We have a chairman, Ian Ritchie, who has a background in law, TV, soccer and tennis. Excuse me, but I have no idea how that qualifies him to know if Nick Mallett knows more about rugby than Stuart Lancaster. Ritchie will be assisted by Rob Andrew, hopeless coach and failed RFU stooge, who may have previous issues with one of the candidates.
Also on the panel is Sir Ian McGeechan, good man, decent manager, poor coach and someone who has previously rejected the top England position on grounds of Scottishness; Conor O’Shea, an Irishman doing a fine job with Quins, but who has limited knowledge of international coaching; and Kevin Bowring, an agreeable Welshman with a cosy RFU sinecure.
I think it was Gavin Mairs of the Telegraph who said there must be a joke in here about a Welshman, a Scotsman, an Irishman and two Englishman. The trouble is that the punch line will probably turn out to be not very funny.

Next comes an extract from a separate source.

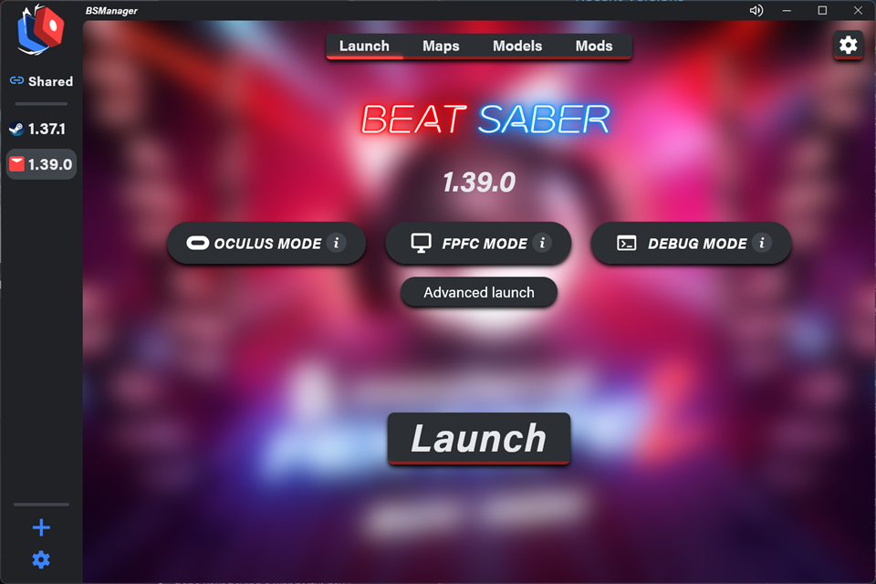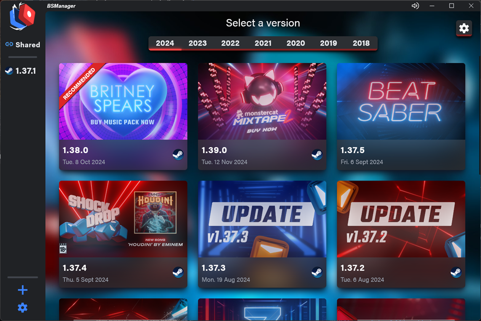 - You can also install other versions! If you want to install another version, select the blue + icon on the bottom left and pick a version to download. You will need to login with either your Steam account or provide an Oculus Token to prove that you own a valid copy of Beat Saber. There will be dialogues to help you through this part.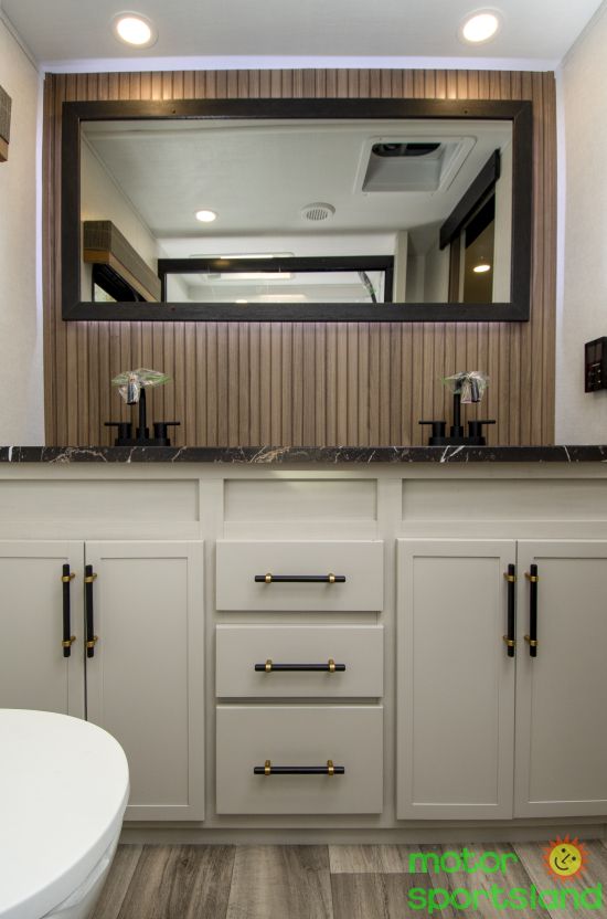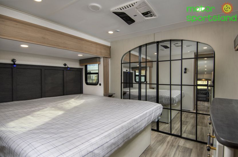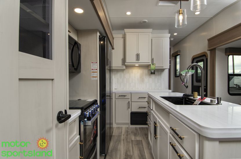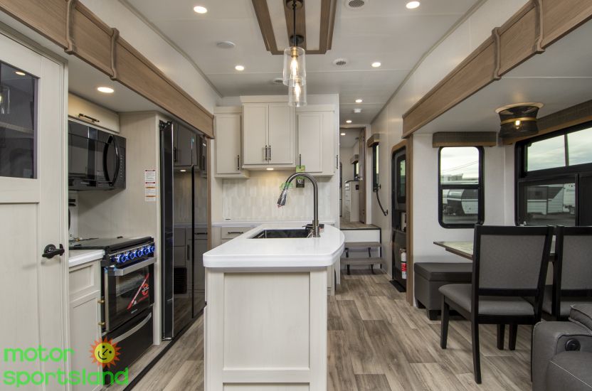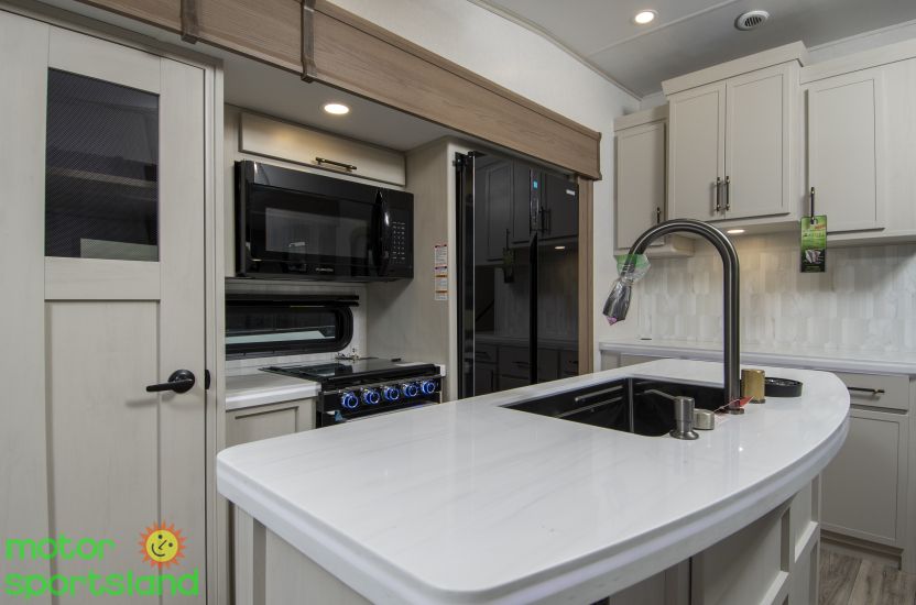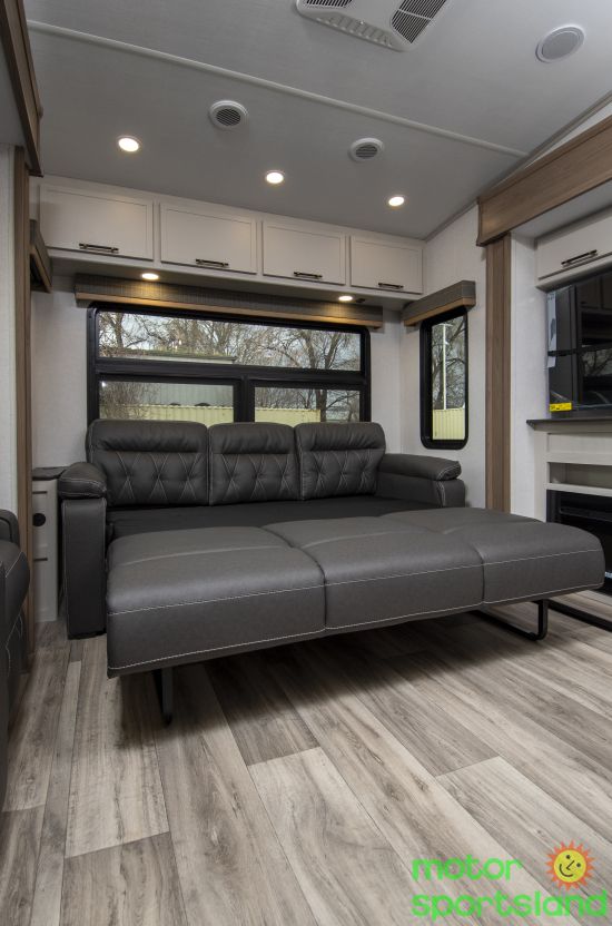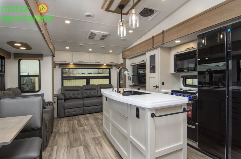 Spacious Layout: The rear living design offers ample space for family bonding, with cozy seating and panoramic windows for breathtaking views. Luxurious Interiors: Premium furnishings, modern appliances, and high-end finishes create a sophisticated, home-like atmosphere. Family-Friendly Features: Multiple sleeping areas, including a private master suite, ensure everyone has their own space to relax after a day of exploration. Top-Notch Comfort: Enjoy climate control, plush bedding, and a fully equipped kitchen for effortless meal prep on the go. Outdoor Ready: An exterior entertainment setup and storage galore make this Fifth Wheel ideal for tailgating or camping in style.

McGeechan has already made favourable noises about Lancaster, which could be seen as prejudicial. The panel is too large and is heavy with RFU cronies and Premiership politicians and far too light on men of the world. As CEO, Ritchie should chair a panel with a Graham Henry or a Jake White to give an international perspective and a Clive Woodward or a Brian Ashton to look through rose tinted glasses. Three would be ample and two of them might know something about winning World Cups.
And why have refs stopped penalising violent play. In the game between the Blues and the Crusaders Michael Hobbs nearly removed an opponent’s head and only drew a penalty. Sam Warburton was in danger of having his neck broken and again not a yellow card in sight.
The World Cup was admirable in following through the IRB directive in eliminating dangerous play, but standards already seem to be slipping. Maybe the refs are fearful. Alain Rolland sends off Warburton and it costs him the World Cup final. Marius Jonker rightly sinbins some Hurricanes for dangerous play and cops a load of abuse.
And why do coaches insist on using the bench according to a predetermined schedule. Youngs, Flood and Stevens all contributed to England’s loss against Wales. It is obvious that Youngs needs to go back to his club to regain some poise. The scrum-half’s confidence is shot and he (rather than the maligned Lawes) was the major contributor to Wales’s try, running crossfield, shovelling ball and then failing to read the problem that was developing in front of him.
If you have a 9 like Aaron Smith (why is he not starting for the Highlanders) then the bench is a refreshing option. But the moment Dickson went off, the tempo of England’s game disappeared.
And another thing. Is there a rugby fan in the world who is not bored with scrum-halves like Youngs and Will Genia putting their foot on the ball and endlessly re-arranging their attack. The IRB needs to bring in a law post haste that obliges refs to tell scrum-halves to use it or lose it at rucks. Rugby is a continuous game and nines who want to discuss their portfolio before deigning to pass the ball should be binned for time wasting.